Saber dejar ir
Para poder hablar con sinceridad sobre la muerte y prepararnos realmente para ella, primero debemos entender por qué esperamos que los moribundos nos muestren que han aceptado su destino
Un verano mi padre empezó a cojear y dijo que era un tic nervioso. Yo acababa de pasar dos semanas con mis padres en Galicia y llamé a mi madre desde Berlín. Me dijo que estaba durmiendo mucho y que parecía deprimido. Me dijo: “siempre se deprime cuando te vas”. Dos semanas después le diagnosticaron un tumor cerebral inoperable. Dos meses después murió.
Técnicamente, no lo mató el tumor. Recibió sesiones semanales de quimio y radioterapia hasta que sucumbió a una neumonía en el hospital. Durante las últimas horas de su vida, mi hermano apretaba su mano diciendo fuerza, papá, fuerza. Yo le acariciaba la otra diciendo: descansa, deja ir. Han pasado ocho años y no sé quién de los dos tenía razón. Los dos lo necesitábamos vivo. Mi hermano necesitaba saber que habíamos agotado todas las posibilidades de que no se fuera. Yo necesitaba que se fuera “bien”.
“Para poder hablar con sinceridad sobre la muerte y prepararnos realmente para ella, primero debemos entender por qué esperamos que los moribundos nos muestren que han aceptado su destino”, escribe Sunita Puri, jefa de paliativos de la unidad de cáncer de la Universidad del Sur de California, en The New York Times. Su columna se titula ¿Qué significa estar preparado para morir?, y me atraviesa el corazón como un tornillo.
Yo hubiese querido que mi padre pasara sus últimas semanas en la playa, mirando jugar a los perros o acariciando a sus gatas en el jardín. Escuchando música, comiendo rico y jugando conmigo al ajedrez. Que se despidiera de quien hiciera falta y que entrara dócilmente en esa buena noche sin dejar cosas pendientes.

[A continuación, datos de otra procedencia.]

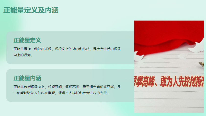学会传播正能量,是点亮生活光芒的钥匙。在纷扰的世界中,让我们成为那一抹温暖的光,用微笑和鼓励驱散阴霾,用积极和乐观感染他人。每一次善意的传递,都是对美好世界的贡献;每一句正能量的话语,都能激发内心的力量。让我们携手同行,在生活的每一个角落播撒爱与希望,共同营造一个更加温馨、和谐的社会。同学们请记住,你的每一次正能量传播,都可能成为他人生命中不可或缺的光芒。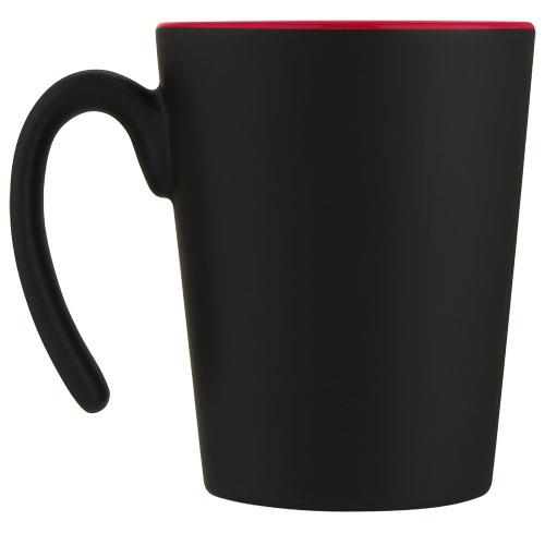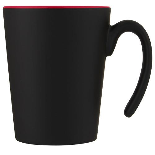 Kubek ceramiczny Oli o pojemności 360 ml z uchwytemCeramiczny kubek o nowoczesnym wyglądzie i matowym wykończeniu z błyszczącym wnętrzem z efektem color-pop. Pojemność 360 ml. Wszystkie metody nadruku nadają się do mycia w zmywarce. Zapakowany w kartonowe pudełko upominkowe wykonane z materiałów pochodzących z recyklingu.Wysokość: 9,8 cm Materiał: Stoneware Kolor: Czerwony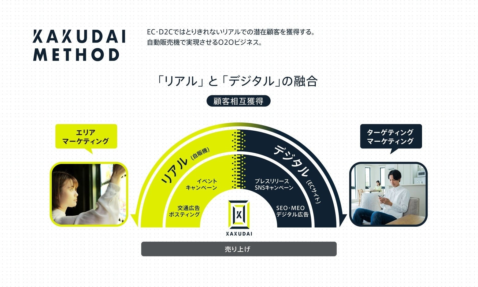 「KAKUDAI」とは、無人の自動販売機 “店舗” の出店と人による運用支援サービスです。サービスを提供することで自動販売機出店への参入課題が無くなり、出店・場所・運用まで全てオールインワンでサポートします。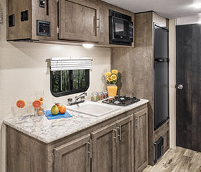 Kitchens feature a deep kitchen sink, large enough for filling pots and pitchers, microwave, two-burner cooktop, centralized cabinet-end control panel and optional 7-cubic-foot refrigerator (shown). (181BH shown)

Que no sufriera delante de mí. Mi hermano quería tenerle más tiempo para darle las gracias más veces, para quererlo un poco más. Nunca sabremos lo que hubiera querido mi padre porque se entregó a la implacable rutina de un protocolo diseñado para aliviar a otros que no éramos nosotros de la misma pesada carga que nos persigue ahora. La duda de no saber cómo decirle que se estaba muriendo. La responsabilidad de acompañar los últimos días de su vida con integridad. El miedo de no saber si hicimos lo suficiente, o si lo hicimos todo mal.
Dice el poema más famoso de Edna St. Vincent Millay que la infancia es el reino donde no mueren los que realmente importan. “Los parientes lejanos, por supuesto, mueren, a quienes uno no vio nunca, o apenas una hora”. Mueren los gatos. “Los gatos saben todo lo que hace falta saber”. Pero “no te despiertas al mes siguiente, a los dos meses/ al año de esa muerte, a los dos años, en plena noche y lloras, con los nudillos en la boca, y dices: ¡Dios mío! ¡Dios mío!”. Todos somos niños cuando perdemos un padre. Por eso necesitamos adultos en el hospital.

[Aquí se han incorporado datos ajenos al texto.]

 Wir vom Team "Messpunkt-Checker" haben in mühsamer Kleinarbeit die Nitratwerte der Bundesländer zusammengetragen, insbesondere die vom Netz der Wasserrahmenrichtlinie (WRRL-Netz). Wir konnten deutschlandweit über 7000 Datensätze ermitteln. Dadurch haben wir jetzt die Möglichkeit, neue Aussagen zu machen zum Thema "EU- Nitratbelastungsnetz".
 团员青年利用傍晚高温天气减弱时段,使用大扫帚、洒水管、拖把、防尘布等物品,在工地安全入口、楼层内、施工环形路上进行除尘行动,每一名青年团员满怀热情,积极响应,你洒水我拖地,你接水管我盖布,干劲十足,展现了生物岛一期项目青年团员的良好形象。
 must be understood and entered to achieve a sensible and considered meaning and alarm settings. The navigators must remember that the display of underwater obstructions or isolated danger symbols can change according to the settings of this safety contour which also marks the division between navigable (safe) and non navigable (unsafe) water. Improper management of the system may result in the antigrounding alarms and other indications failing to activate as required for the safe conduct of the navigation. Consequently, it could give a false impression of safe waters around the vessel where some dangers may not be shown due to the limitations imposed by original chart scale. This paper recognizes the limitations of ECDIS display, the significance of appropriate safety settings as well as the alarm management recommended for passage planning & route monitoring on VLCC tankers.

“El bien morir debería estar definido por qué tan honestos y atentos somos al cuidar de los moribundos, no por lo que ellos hagan por nosotros”, dice la doctora en su columna. Crecer es sentarse a la mesa con la muerte, sin recursos protocolarios, legales, religiosos o económicos. Sin ofrecer tratamiento en lugar de cuidados, estadísticas en lugar de humanidad. No solo por los que marchan. También por el país de niños desolados que dejan atrás.